Requirement:
Could you please output all of the data exactly, without the images?

· · · · ·

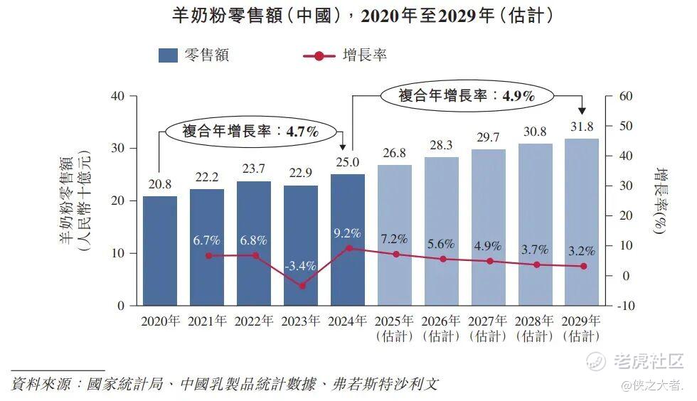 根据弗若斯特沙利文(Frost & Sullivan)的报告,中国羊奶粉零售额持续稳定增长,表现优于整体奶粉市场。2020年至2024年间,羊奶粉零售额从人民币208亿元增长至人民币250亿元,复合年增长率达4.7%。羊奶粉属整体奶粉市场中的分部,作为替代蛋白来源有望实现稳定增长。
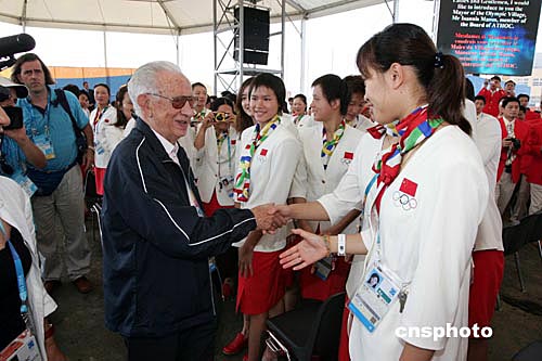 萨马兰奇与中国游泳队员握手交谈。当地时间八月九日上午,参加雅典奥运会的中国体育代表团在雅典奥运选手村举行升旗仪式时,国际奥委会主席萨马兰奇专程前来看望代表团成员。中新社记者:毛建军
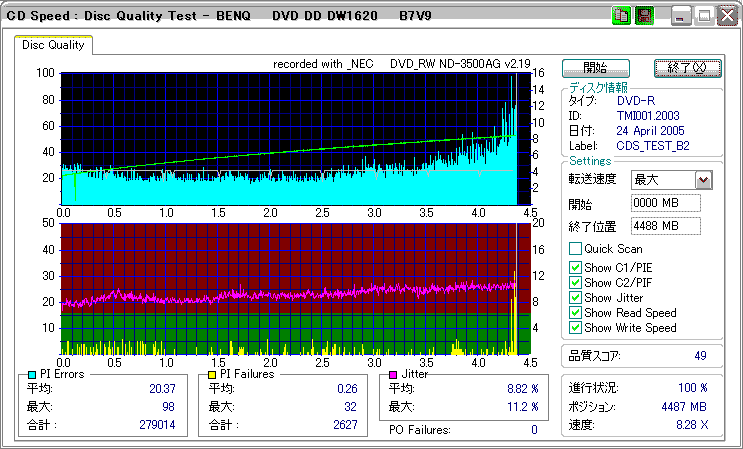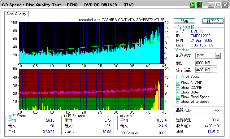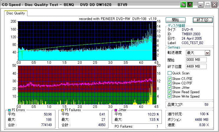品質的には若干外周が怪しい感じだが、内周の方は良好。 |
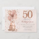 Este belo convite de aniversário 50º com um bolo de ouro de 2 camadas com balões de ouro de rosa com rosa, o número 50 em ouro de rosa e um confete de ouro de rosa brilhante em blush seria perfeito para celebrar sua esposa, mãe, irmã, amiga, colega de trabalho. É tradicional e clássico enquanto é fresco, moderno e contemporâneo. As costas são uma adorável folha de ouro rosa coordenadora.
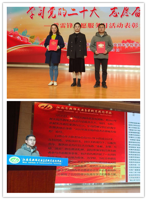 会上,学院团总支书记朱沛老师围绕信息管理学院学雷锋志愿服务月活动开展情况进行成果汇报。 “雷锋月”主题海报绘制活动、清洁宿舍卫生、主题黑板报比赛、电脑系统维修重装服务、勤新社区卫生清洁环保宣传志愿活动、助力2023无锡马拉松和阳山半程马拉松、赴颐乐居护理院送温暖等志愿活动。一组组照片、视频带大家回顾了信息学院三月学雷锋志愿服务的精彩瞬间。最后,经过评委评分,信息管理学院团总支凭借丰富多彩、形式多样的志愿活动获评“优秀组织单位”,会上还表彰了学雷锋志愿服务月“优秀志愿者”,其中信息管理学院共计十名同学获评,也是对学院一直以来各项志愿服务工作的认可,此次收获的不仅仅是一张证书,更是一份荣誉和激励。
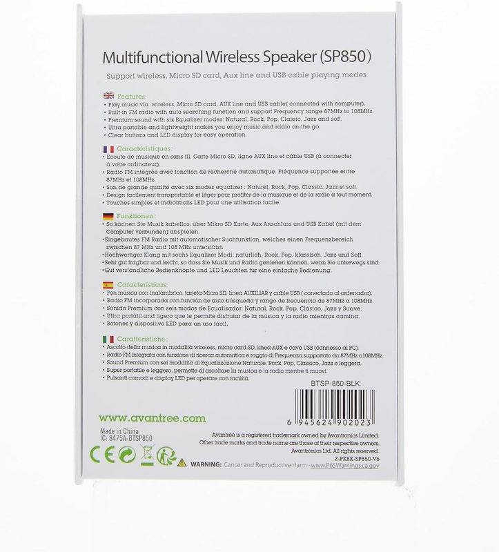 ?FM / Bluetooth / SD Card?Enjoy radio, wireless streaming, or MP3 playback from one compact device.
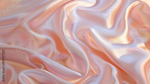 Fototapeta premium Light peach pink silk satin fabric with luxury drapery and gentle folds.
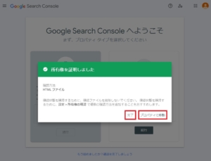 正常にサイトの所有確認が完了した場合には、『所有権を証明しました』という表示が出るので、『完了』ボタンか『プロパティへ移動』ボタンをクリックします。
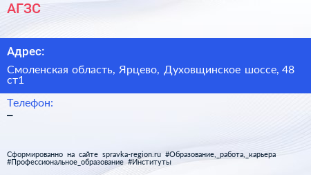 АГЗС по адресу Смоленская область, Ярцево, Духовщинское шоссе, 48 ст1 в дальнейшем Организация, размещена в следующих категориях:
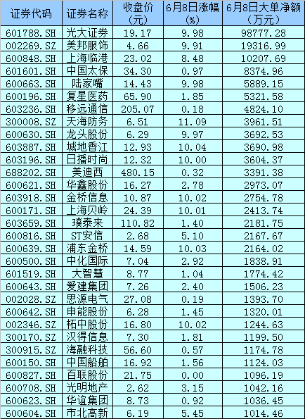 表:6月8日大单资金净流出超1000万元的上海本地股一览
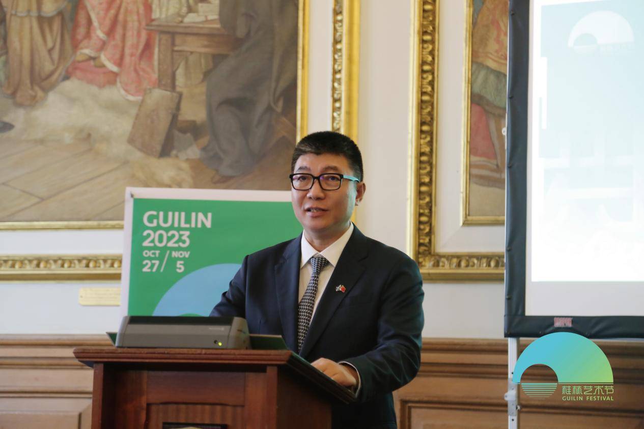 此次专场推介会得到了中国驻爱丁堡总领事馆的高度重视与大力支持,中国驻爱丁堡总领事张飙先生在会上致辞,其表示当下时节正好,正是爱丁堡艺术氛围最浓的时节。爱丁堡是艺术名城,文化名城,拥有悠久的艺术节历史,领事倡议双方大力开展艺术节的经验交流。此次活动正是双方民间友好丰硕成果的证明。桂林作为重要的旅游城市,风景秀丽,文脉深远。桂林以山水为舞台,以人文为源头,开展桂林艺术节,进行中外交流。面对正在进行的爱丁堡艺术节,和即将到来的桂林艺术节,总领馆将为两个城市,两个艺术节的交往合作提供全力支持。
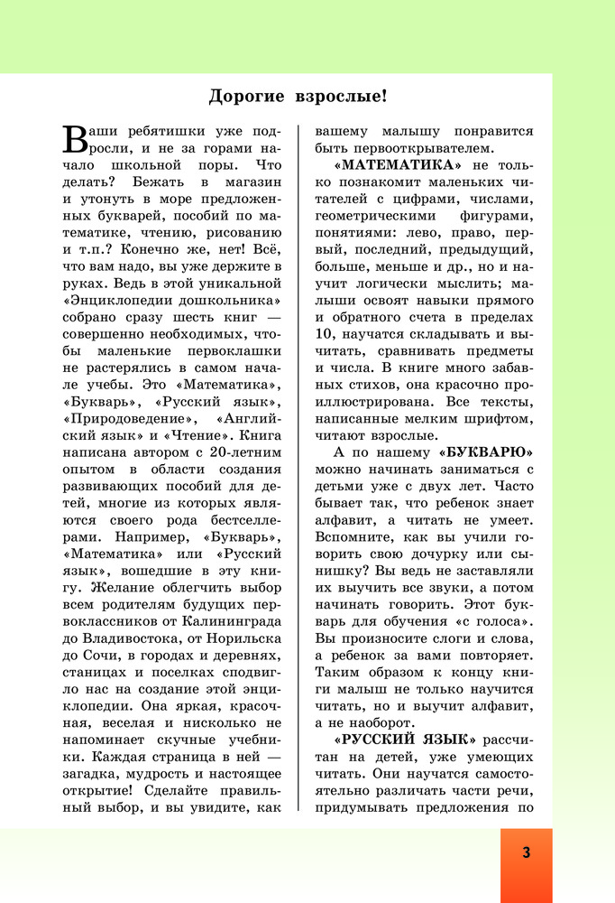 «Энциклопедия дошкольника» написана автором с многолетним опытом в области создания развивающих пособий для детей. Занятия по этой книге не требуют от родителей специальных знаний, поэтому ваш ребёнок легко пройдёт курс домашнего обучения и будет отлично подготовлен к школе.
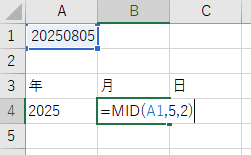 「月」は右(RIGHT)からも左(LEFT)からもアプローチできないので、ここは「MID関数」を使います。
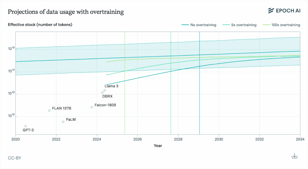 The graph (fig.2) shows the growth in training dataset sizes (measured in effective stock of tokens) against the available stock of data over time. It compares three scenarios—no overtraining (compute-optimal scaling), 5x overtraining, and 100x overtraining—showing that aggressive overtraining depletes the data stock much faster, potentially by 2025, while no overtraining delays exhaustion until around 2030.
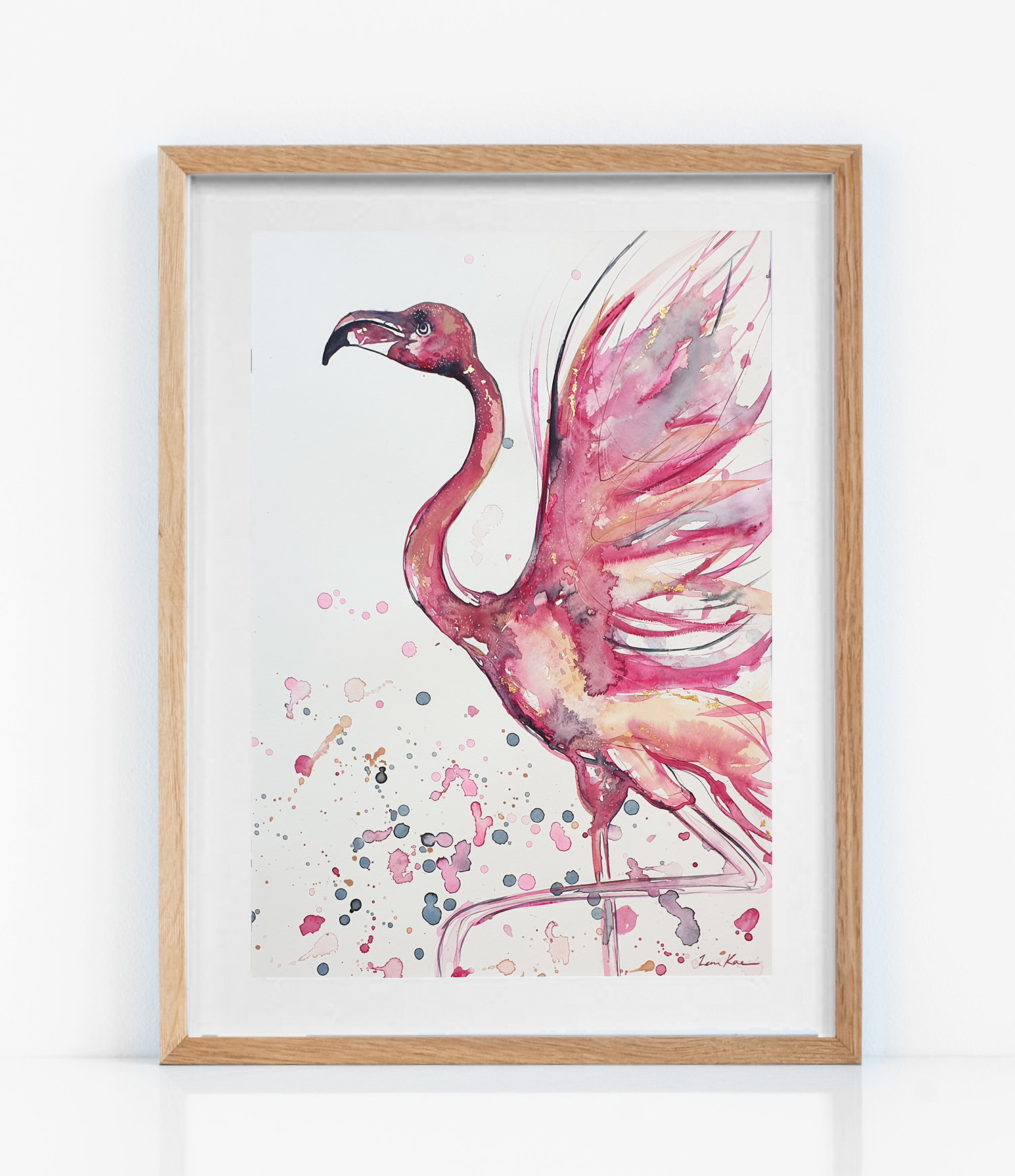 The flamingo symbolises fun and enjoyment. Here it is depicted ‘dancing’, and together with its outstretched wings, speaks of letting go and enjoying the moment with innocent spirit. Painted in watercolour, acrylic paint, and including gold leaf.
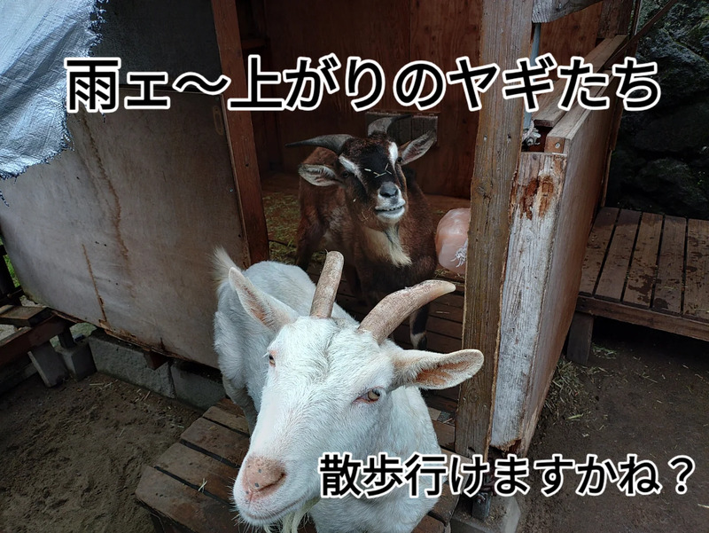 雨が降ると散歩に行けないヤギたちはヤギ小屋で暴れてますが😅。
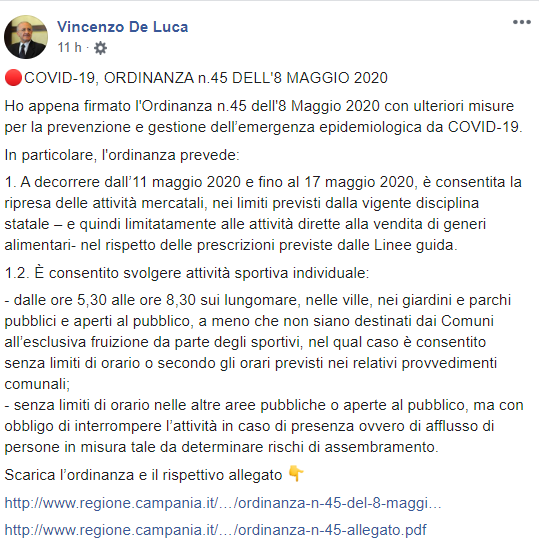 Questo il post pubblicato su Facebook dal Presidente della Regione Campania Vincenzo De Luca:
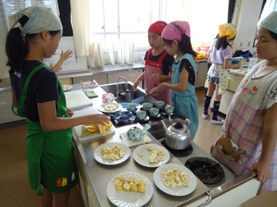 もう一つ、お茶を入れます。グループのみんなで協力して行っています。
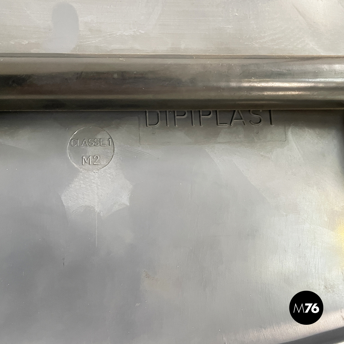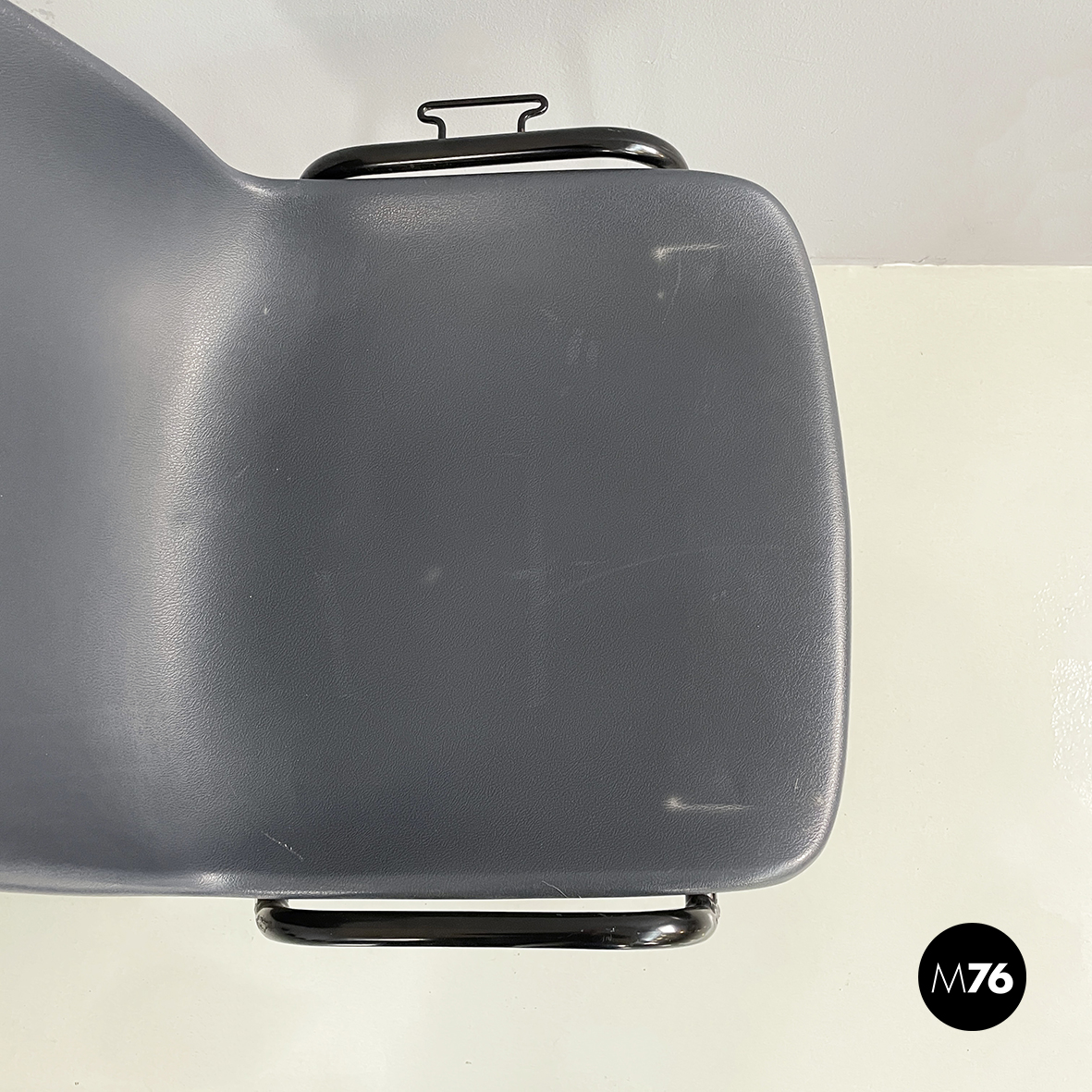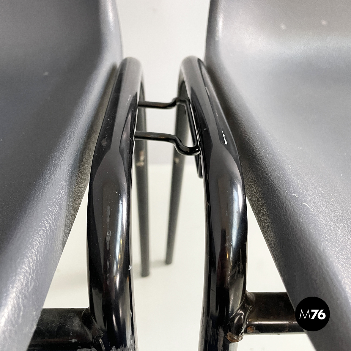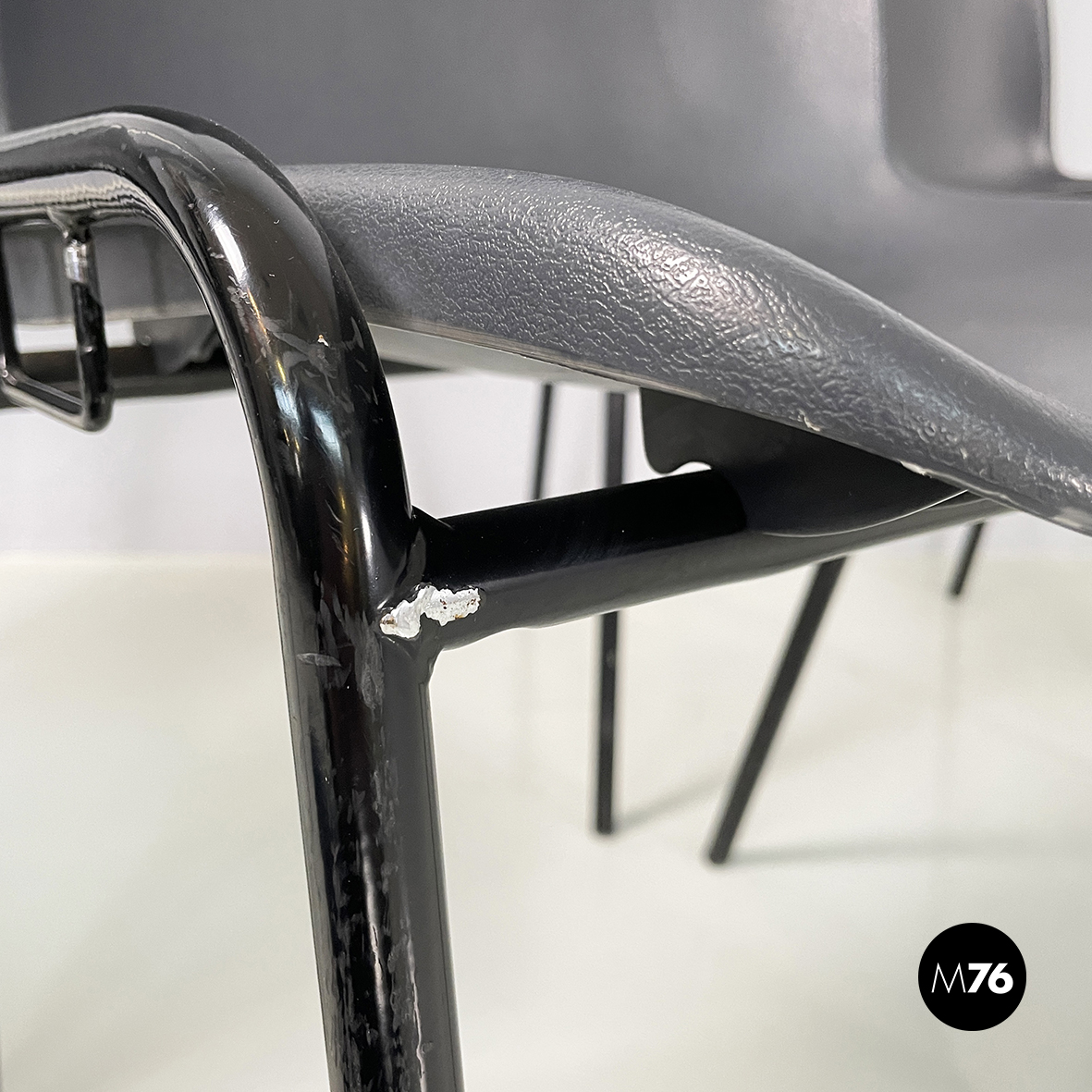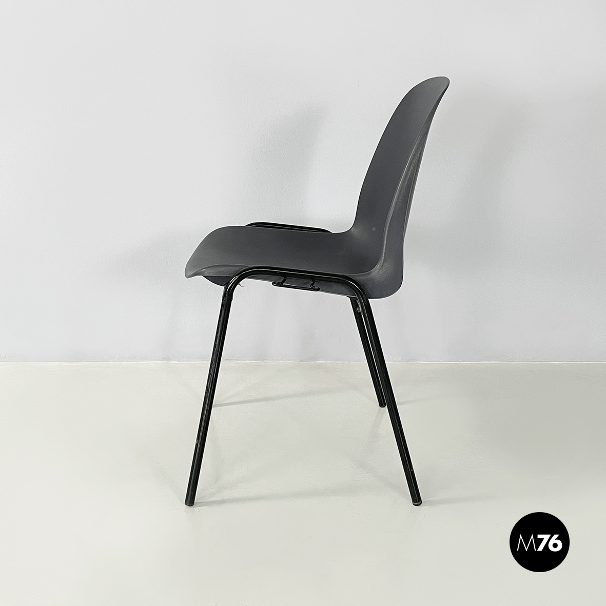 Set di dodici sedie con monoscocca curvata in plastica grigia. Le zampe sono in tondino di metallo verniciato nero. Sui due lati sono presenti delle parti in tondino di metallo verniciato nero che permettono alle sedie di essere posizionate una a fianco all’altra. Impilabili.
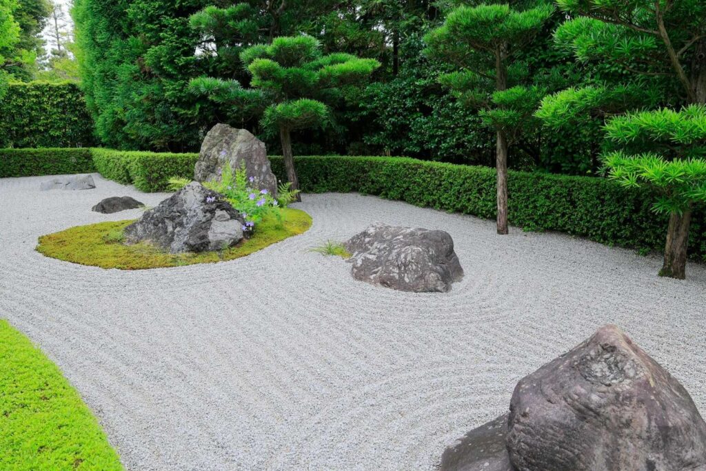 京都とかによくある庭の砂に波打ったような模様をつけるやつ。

· · · · ·

Solution:
 根据弗若斯特沙利文(Frost & Sullivan)的报告,中国羊奶粉零售额持续稳定增长,表现优于整体奶粉市场。2020年至2024年间,羊奶粉零售额从人民币208亿元增长至人民币250亿元,复合年增长率达4.7%。羊奶粉属整体奶粉市场中的分部,作为替代蛋白来源有望实现稳定增长。
 萨马兰奇与中国游泳队员握手交谈。当地时间八月九日上午,参加雅典奥运会的中国体育代表团在雅典奥运选手村举行升旗仪式时,国际奥委会主席萨马兰奇专程前来看望代表团成员。中新社记者:毛建军
品質的には若干外周が怪しい感じだが、内周の方は良好。 |
 Este belo convite de aniversário 50º com um bolo de ouro de 2 camadas com balões de ouro de rosa com rosa, o número 50 em ouro de rosa e um confete de ouro de rosa brilhante em blush seria perfeito para celebrar sua esposa, mãe, irmã, amiga, colega de trabalho. É tradicional e clássico enquanto é fresco, moderno e contemporâneo. As costas são uma adorável folha de ouro rosa coordenadora.
 会上,学院团总支书记朱沛老师围绕信息管理学院学雷锋志愿服务月活动开展情况进行成果汇报。 “雷锋月”主题海报绘制活动、清洁宿舍卫生、主题黑板报比赛、电脑系统维修重装服务、勤新社区卫生清洁环保宣传志愿活动、助力2023无锡马拉松和阳山半程马拉松、赴颐乐居护理院送温暖等志愿活动。一组组照片、视频带大家回顾了信息学院三月学雷锋志愿服务的精彩瞬间。最后,经过评委评分,信息管理学院团总支凭借丰富多彩、形式多样的志愿活动获评“优秀组织单位”,会上还表彰了学雷锋志愿服务月“优秀志愿者”,其中信息管理学院共计十名同学获评,也是对学院一直以来各项志愿服务工作的认可,此次收获的不仅仅是一张证书,更是一份荣誉和激励。
 ?FM / Bluetooth / SD Card?Enjoy radio, wireless streaming, or MP3 playback from one compact device.
 Fototapeta premium Light peach pink silk satin fabric with luxury drapery and gentle folds.
 正常にサイトの所有確認が完了した場合には、『所有権を証明しました』という表示が出るので、『完了』ボタンか『プロパティへ移動』ボタンをクリックします。
 АГЗС по адресу Смоленская область, Ярцево, Духовщинское шоссе, 48 ст1 в дальнейшем Организация, размещена в следующих категориях:
 表:6月8日大单资金净流出超1000万元的上海本地股一览
 此次专场推介会得到了中国驻爱丁堡总领事馆的高度重视与大力支持,中国驻爱丁堡总领事张飙先生在会上致辞,其表示当下时节正好,正是爱丁堡艺术氛围最浓的时节。爱丁堡是艺术名城,文化名城,拥有悠久的艺术节历史,领事倡议双方大力开展艺术节的经验交流。此次活动正是双方民间友好丰硕成果的证明。桂林作为重要的旅游城市,风景秀丽,文脉深远。桂林以山水为舞台,以人文为源头,开展桂林艺术节,进行中外交流。面对正在进行的爱丁堡艺术节,和即将到来的桂林艺术节,总领馆将为两个城市,两个艺术节的交往合作提供全力支持。
 «Энциклопедия дошкольника» написана автором с многолетним опытом в области создания развивающих пособий для детей. Занятия по этой книге не требуют от родителей специальных знаний, поэтому ваш ребёнок легко пройдёт курс домашнего обучения и будет отлично подготовлен к школе.
 「月」は右(RIGHT)からも左(LEFT)からもアプローチできないので、ここは「MID関数」を使います。
 The graph (fig.2) shows the growth in training dataset sizes (measured in effective stock of tokens) against the available stock of data over time. It compares three scenarios—no overtraining (compute-optimal scaling), 5x overtraining, and 100x overtraining—showing that aggressive overtraining depletes the data stock much faster, potentially by 2025, while no overtraining delays exhaustion until around 2030.
 The flamingo symbolises fun and enjoyment. Here it is depicted ‘dancing’, and together with its outstretched wings, speaks of letting go and enjoying the moment with innocent spirit. Painted in watercolour, acrylic paint, and including gold leaf.
 雨が降ると散歩に行けないヤギたちはヤギ小屋で暴れてますが😅。
 Questo il post pubblicato su Facebook dal Presidente della Regione Campania Vincenzo De Luca:
 もう一つ、お茶を入れます。グループのみんなで協力して行っています。
 Set di dodici sedie con monoscocca curvata in plastica grigia. Le zampe sono in tondino di metallo verniciato nero. Sui due lati sono presenti delle parti in tondino di metallo verniciato nero che permettono alle sedie di essere posizionate una a fianco all’altra. Impilabili.
 京都とかによくある庭の砂に波打ったような模様をつけるやつ。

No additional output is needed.